Sources: DeepSeek CEO Liang Wenfeng says training on Huawei chips is one of DeepSeek's biggest bets and Huawei is set to deliver training chips in Q4 or Q1 2027
DeepSeek CEO Liang Wenfeng told investors that a major priority for his company is to use more domestic chips to train its models …
Context & Ripple Effects
DeepSeek’s Huawei strategy has been staged rather than wholesale: 2025 reporting tied an R2 delay to Ascend training problems and a switch to Nvidia for training, while a later plan limited Huawei training to smaller R2 variants and kept Nvidia for the largest models. The reported new commitment follows DeepSeek’s planned large Ascend 950DT deployment in Inner Mongolia, raising the stakes from targeted workloads to training capability.
China’s advanced-chip constraints were already identified by Liang Wenfeng as a bottleneck in 2025. The reported delivery timetable makes Huawei’s next training hardware a test of whether DeepSeek can move beyond the earlier Ascend-related training setbacks without depending as heavily on Nvidia for its largest training jobs.
First-order effects
- The reported chip deliveries would position Huawei as a prospective supplier for more of DeepSeek’s training workloads, beyond the smaller-model and inference roles described in earlier coverage.
- DeepSeek would be committing model-development plans to Huawei’s training-chip roadmap, making training performance and delivery timing operational constraints for its next large models.
Second-order effects
- Huawei would gain a demanding deployment through which to demonstrate whether its training systems can support frontier-scale workloads after DeepSeek’s earlier Ascend difficulties.
- If DeepSeek shifts additional training onto Huawei hardware, Nvidia faces a narrower role in an account that had previously reserved Nvidia chips for the largest models.
Third-order effects
- The pattern points to a bifurcated AI-compute stack in China: developers retain Nvidia where available while qualifying domestic hardware for increasingly central training workloads.

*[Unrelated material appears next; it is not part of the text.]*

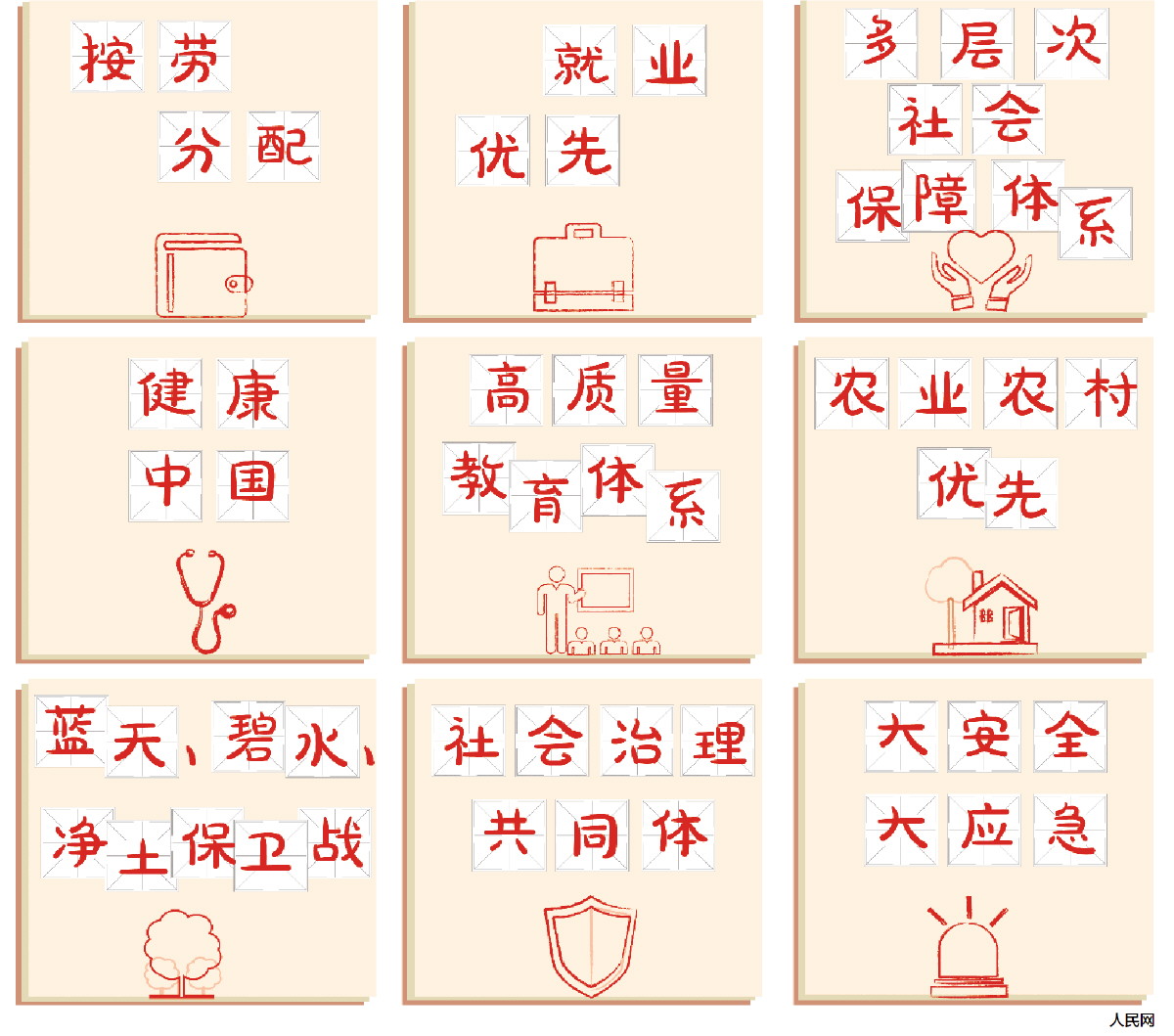 完善分配制度,实施就业优先战略,健全社会保障体系,推进健康中国建设……

- A successful transition would make hardware-software co-development, rather than access to a single chip supplier, a more important competitive capability for Chinese model builders.
The trend: Chinese AI developers are turning domestic accelerators from inference and secondary-training options into strategic alternatives for large-model training as advanced-chip access remains constrained.